Annotando una recente ordinanza e dando conto di un persistente contrasto, tanto in dottrina, quanto – e soprattutto – in giurisprudenza (da ultimo, evidenziato anche in Trib. Chieti, 12 novembre 2024, n. 431), a proposito della validità degli accordi “non assistiti” di riduzione del c.d. “superminimo”, in www.rivistalabor.it, 1.9.2024, si era osservato come, nell’essenza, la questione si concentrasse «sul ritenere applicabile, o meno, quale norma “diretta” di disciplina della retribuzione del lavoratore subordinato, l’art. 2103 del codice civile [,] Con la conseguenza che, in caso di risposta affermativa, l’unica legittima modalità ammessa di reformatio in peius del trattamento economico “iniziale”, anche per la parte eccedente il c.d. “minimo tabellare”, sarebbe quella rappresenta dal comma 6 della disposizione in parola ossia sul presupposto del tipizzato interesse del lavoratore […] e nelle sedi “protette” di cui al comma 4 art. 2113 c.c. o innanzi alle commissioni di certificazione ex artt. 75 e ss. d.lgs. 10 settembre 2003, n. 276» (AVANZI, L’accordo di riduzione del “superminimo” nella giurisprudenza della Corte di cassazione. Note a una recente pronuncia “fuori dal coro”, a commento di Cass., 5 aprile 2024, n. 9136).

E a stretto giro, in termini di principio del tutto – e per la prima volta riguardo al novellato art. 2103 c.c. – inequivocabili, la Corte di Cassazione, con l’ordinanza n. 26320 del 9 ottobre 2024, qui commentata, riprende il discusso argomento, questa volta però, tornando a sposare l’interpretazione più restrittiva e finendo così, in un certo senso, per ribattere a se stessa.

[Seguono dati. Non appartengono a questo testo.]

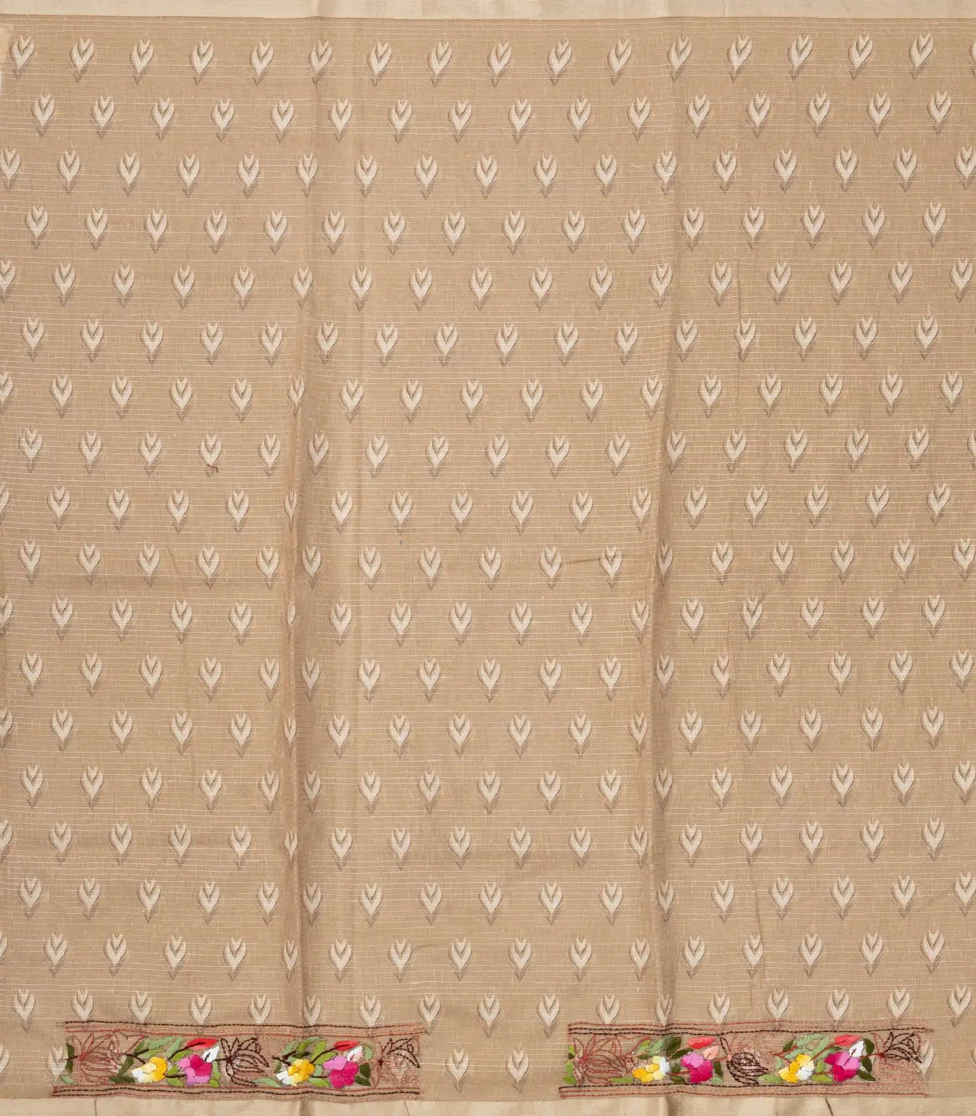 Beige Woven Blended tussar Saree With Embroidered Floral Motifs-BL3861
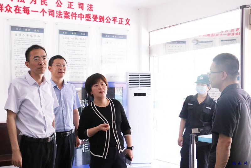 程瑞琴书记实地查看白蒲法庭的安检设备、庭审室、调解室,了解法庭现有的办公环境,并来到目前初定的白蒲法庭搬迁地址进行考察,查看原有基础设施状况。
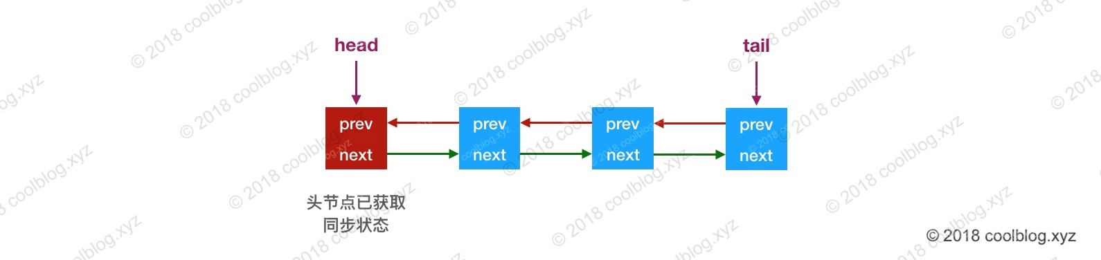 当头结点释放同步状态后,且后继节点对应的线程被阻塞,此时头结点线程将会去唤醒后继节点线程。后继节点线程恢复运行并获取同步状态后,会将旧的头结点从队列中移除,并将自己设为头结点。大致示意图如下:
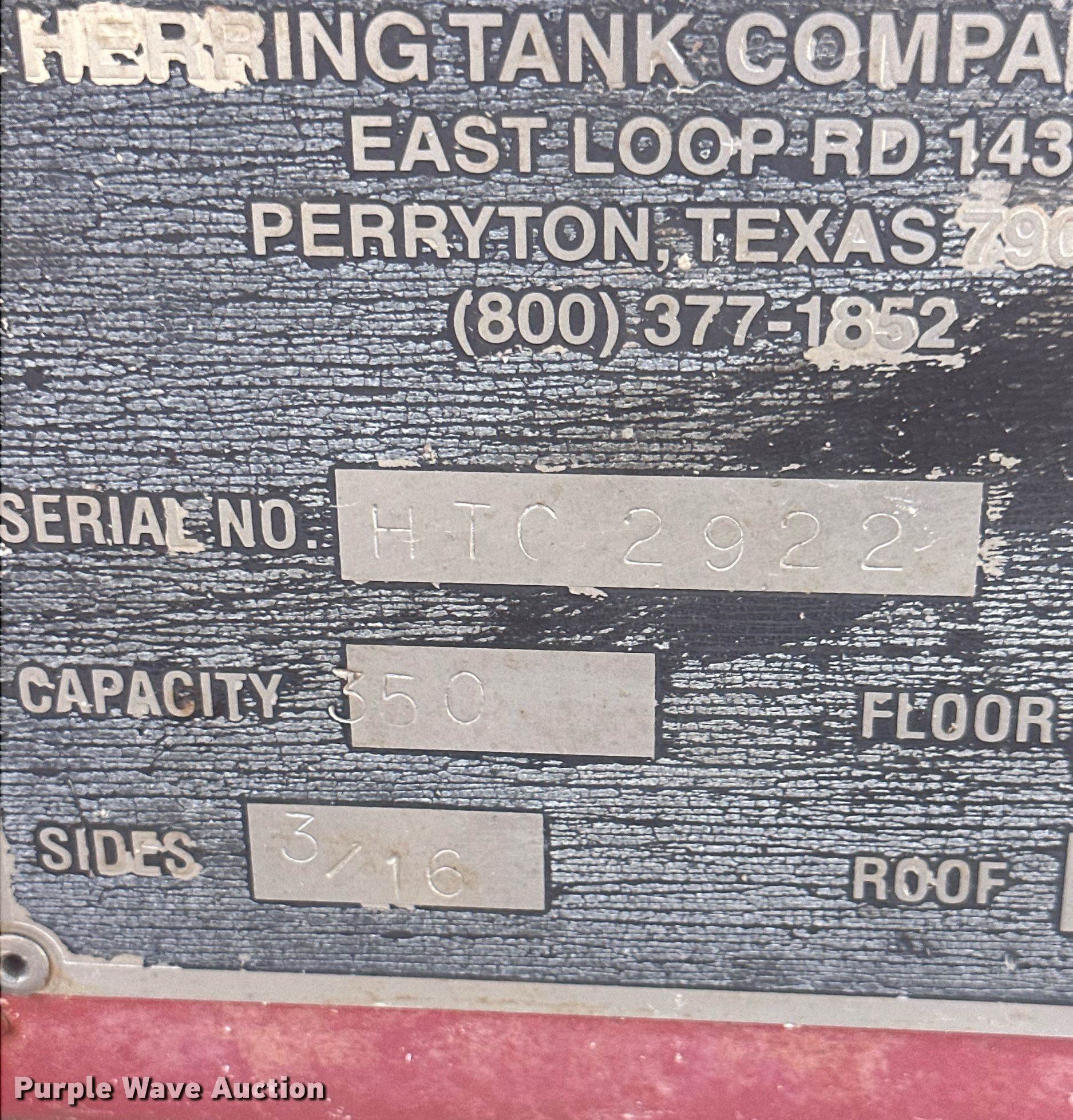 2006 Herring frac tank trailer. VIN: HTC2922. Dimensions Overall: 48' L x 102" W. Features Tank type: Steel Capacity: 350 BBL, Thickness: 3.16". Chassis Suspension: Spring, Brakes: Air. Tires Steel wheels, Size: 11R22.5. Oklahoma title. Title distribution may be delayed up to 30 days from verification of funds. Evergreen Land and Cattle LLC. Shattuck, OK 73858
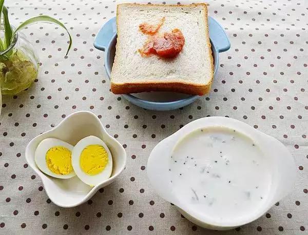 18、果酱面包+玉米+白煮蛋+黑芝麻糊+草莓
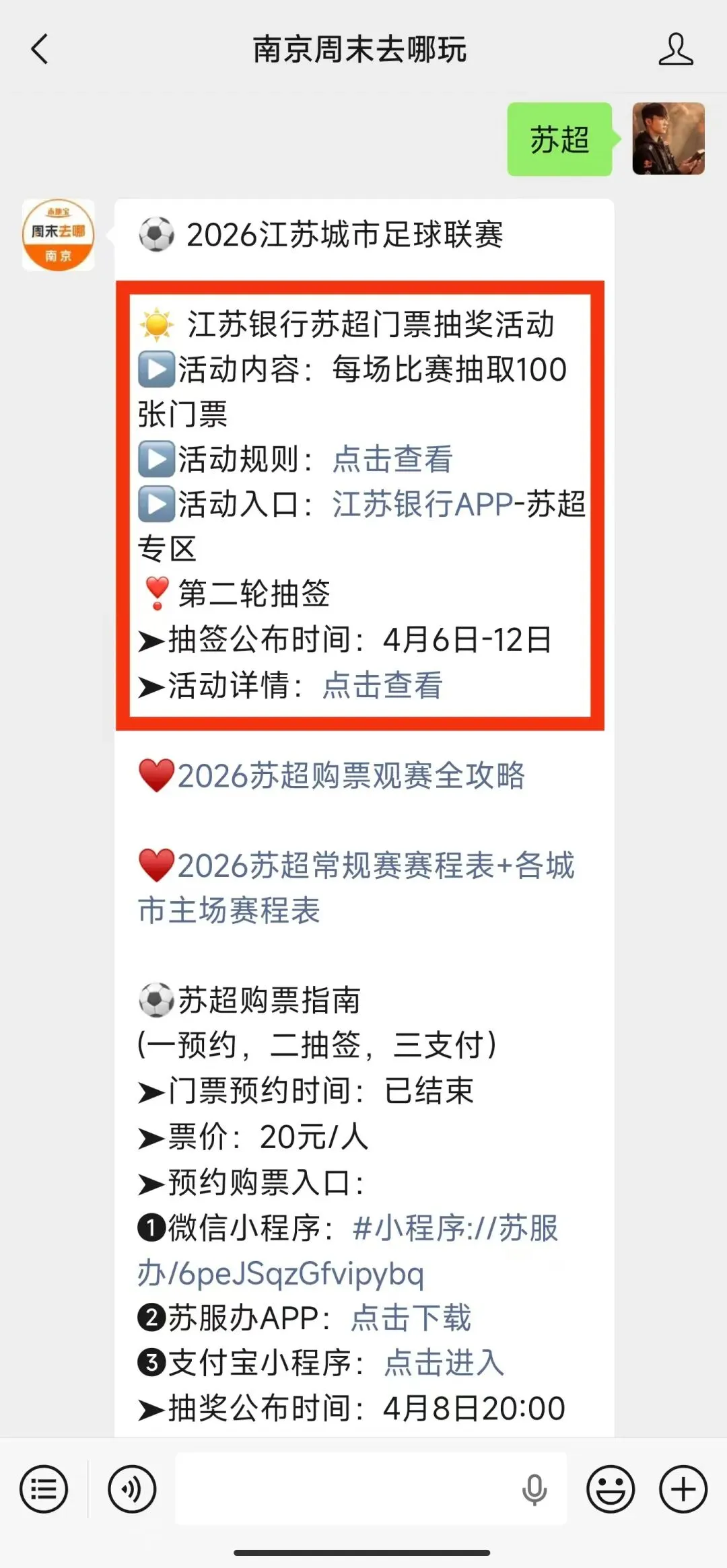 如果想要获取更多苏超相关信息,可以扫描下方二维码,关注【南京周末去哪玩】公众号,私信回复【苏超】即可获取

Per ciò che maggiormente interessa, l’occasione era fornita dal ricorso datoriale avverso la decisione dell’appello che, in riforma del primo grado, aveva dichiarato, da una parte, nullo l’accordo di riduzione della retribuzione, nella misura del 10%, stipulato con il prestatore avente categoria legale di dirigente, dall’altra e alla stessa stregua, l’illegittimità della revisione del trattamento economico dell’autovettura al medesimo assegnata in uso promiscuo.

In particolare, ad avviso dell’adito Collegio territoriale, l’inefficacia dell’intesa scaturiva dalla violazione di norma imperativa, in specie rappresentata dall’art. 2103 c.c., essendo la sua formalizzazione avvenuta al dì fuori delle c.d. “sedi protette”, così come previsto al comma 6, questo a maggior ragione in un caso, come quello sottoposto al suo vaglio, ove neppure era intervenuta, nella sostanza del rapporto, alcuna modifica delle mansioni assegnate al lavoratore; del pari, da ritenersi illegittima era pure l’unilaterale decisione di addebitare, da un certo momento, un costo maggiore per la fruizione del mezzo anzidetto, poiché vertendosi, comunque, di elemento indiretto della retribuzione, medesime stringenti regole erano da applicarsi per una sua “riduzione”.

In esito a ciò e del mancato riscontro della società, nei termini ivi assegnati, alla diffida del dirigente circa il corretto adempimento alle obbligazioni retributive originariamente assunte, sussistente doveva ritenersi, secondo il giudice di secondo istanza, la fattispecie delle dimissioni per “giusta causa”, dal medesimo, medio tempore, rassegnate, con conseguente condanna al pagamento del “differenziale” (riduzione e maggior addebiti), compresa l’incidenza sugli istituti c.d. “differiti” (13° e trattamento di fine rapporto) e del preavviso contrattualmente previsto (con restituzione di quanto addebitato ed erogazione dell’indennità sostitutiva).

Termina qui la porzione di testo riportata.